Thursday, November 6, 2008

Commodities: US Dollar Strengthens

As Europe is starting to be hit hard by a weakening economy, central banks dropped lending rates in hopes of spurring investment. In response, the U.S. dollar strengthened today against the British pound and the euro. That won't keep the collapse of the U.S dollar from happening.

While the move by the European Central Bank of cutting its benchmark rate by 50 basis points was as expected, dropping it to 3.25 percent, the Bank of England shocked investors with an extraordinary cut of 150 points, bringing rates down to 3 percent. The Swiss National Bank dropped rates by 50 points to 2 percent.

[Most Recent Exchange Rate from]

ECB President Jean-Claude Trichet said in a Reuters Television interview that a cut next month is a possibility, depending on the circumstances faced.

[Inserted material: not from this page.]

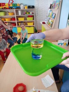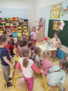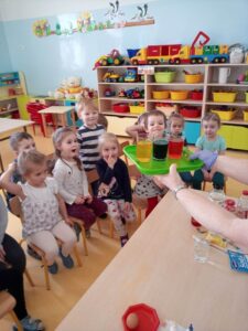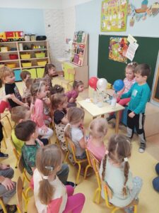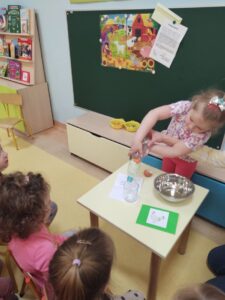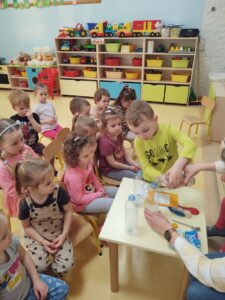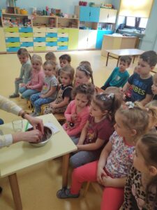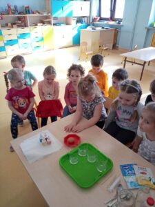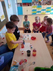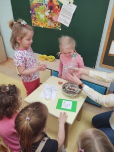 W myśl chińskiego filozofa Konfucjusza w grupie Zajączków odbyły się bardzo ciekawe zajęcia badawcze. Zajęcia o charakterze eksperymentu, zwane również zabawami badawczymi są niezwykle istotne w wielokierunkowym rozwoju dziecka oraz zaspokajaniu naturalnej ciekawości poznawania otaczającego je świata. Tego typu zabawy pozwalają na doświadczanie nowych wrażeń, odkrywanie nieznanych dotychczas właściwości przedmiotów i zjawisk, prowadzenie obserwacji oraz wyciąganie trafnych wniosków z przeprowadzonych eksperymentów. Na zajęciach dzieci wykonywały różnorodne doświadczenia z wodą. Była lawa w butelce, kolorowe wulkany, tańczący olej i burza w szklance wody. Oprócz tego przedszkolaki eksperymentowały z jajkami. Oddzielały żółtka od białek za pomocą butelki oraz ubijały białka. Jakież było zdziwienie dzieci, gdy okazało się, że ubite białka nie spadną nam na głowę! Zajączki wykonały również doświadczenie „gumowe jajko” z octem, a także dowiedziały się jak można nadmuchać balony przy użyciu octu oraz sody oczyszczonej. Zabawy te przyniosły dzieciom mnóstwo radości.

"I didn't exclude a further cut in December, depending on the data, depending on the information that will be gathered, depending on the projections that we could examine at the time, including of course the staff projections."

Analyst believe the rates for the ECB will drop to 2.5 percent by the middle of 2009.

Trichet added that while it looks like inflation will fall below 2 percent for 2009 for the Euro zone, oil and commodity prices will determine if that will be the reality. In October inflation dropped to 3.2 percent from its high of 4.0 percent during the summer months.

The European Commission isn't expecting any economic growth in the region over the next year.

[Most Recent Exchange Rate from]

All the ups and downs of the U.S. dollar, and the press alerting us to when it rises, won't keep the greenback for collapsing sometime soon - the U.S. dollar could collapse in 2009.